The core argument of this paper is that the EU’s stringent regulation of TDM may stifle innovation, necessitating a shift towards a multi-stakeholder governance model. It also calls for the establishment of clear criteria for copyright exceptions pertaining to TDM – particularly standards for assessing non-commercial purposes and technological means that duly respect copyright.
Looking ahead, there are preliminary signs of a shift in the EU’s approach to AI regulation. In November 2025, the European Commission adopted the proposal for a Digital Omnibus Regulation, representing a systemic endeavour to foster innovation and growth in the digital sector through the simplification of rules governing cybersecurity, data privacy, data access and platform governance.Footnote 73 This suggests that the core mission of future research may lie in constructing a regulatory framework within the irreversible march of technology that both protects creativity and unleashes AI’s potential.

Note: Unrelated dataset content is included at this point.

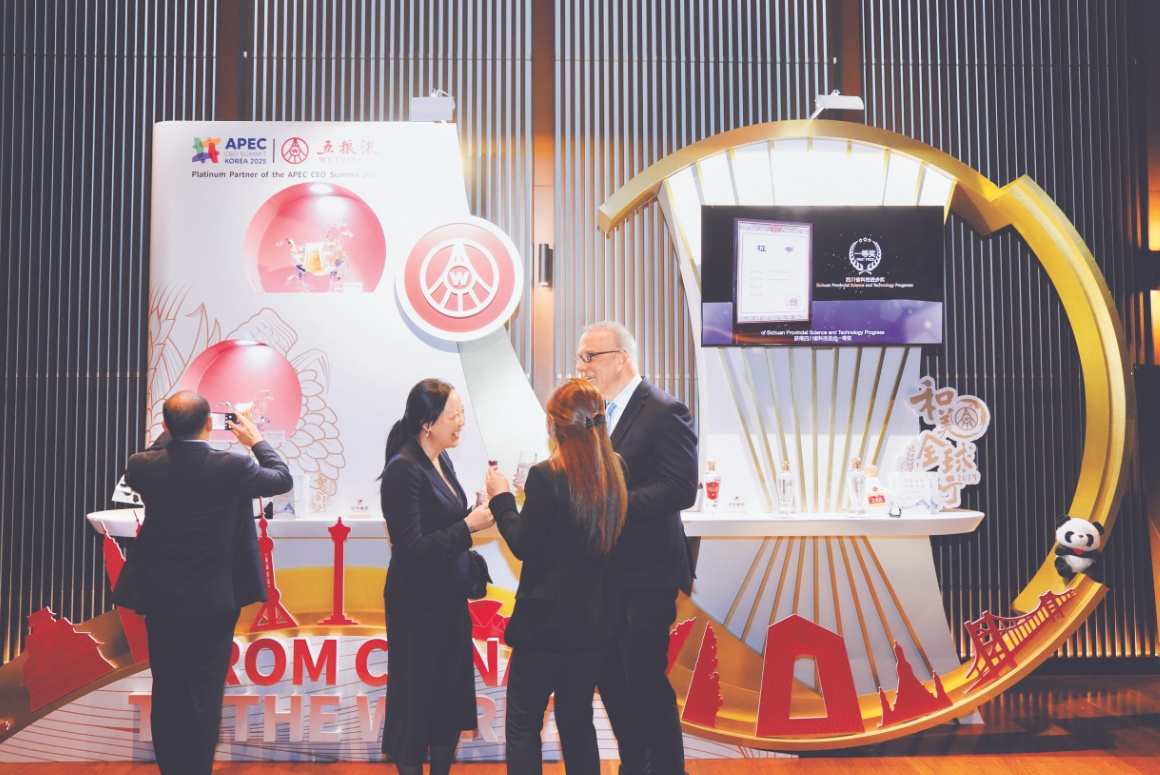 多位国际嘉宾在交流中由衷赞叹:五粮液让大家看到传统产业也能通过创新实现绿色转型,这种实践对全球工商界都具有借鉴意义。自2019年首次结缘APEC以来,五粮液持续深度参与这一亚太地区最高规格的经贸盛会,从产品展示到核心议题讨论,从主题晚宴到可持续发展对话,品牌身影贯穿APEC合作的关键环节,成为中国白酒国际化的“先行者”与“领航者”,并以酒为媒生动诠释中华优秀传统文化的当代价值。

The stratified governance model proposed in this article constitutes a systematic endeavour towards that objective.
Competing interests
The authors declare that they have no known competing financial interests or personal relationships that could have appeared to influence the work reported in this paper.
Declaration of use of artificial intelligence
During the preparation of this work the authors used ChatGPT5 for checking correctness and grammar, as well as for identifying additional sources. The authors reviewed and edited the content and they take full responsibility for the content of the publication.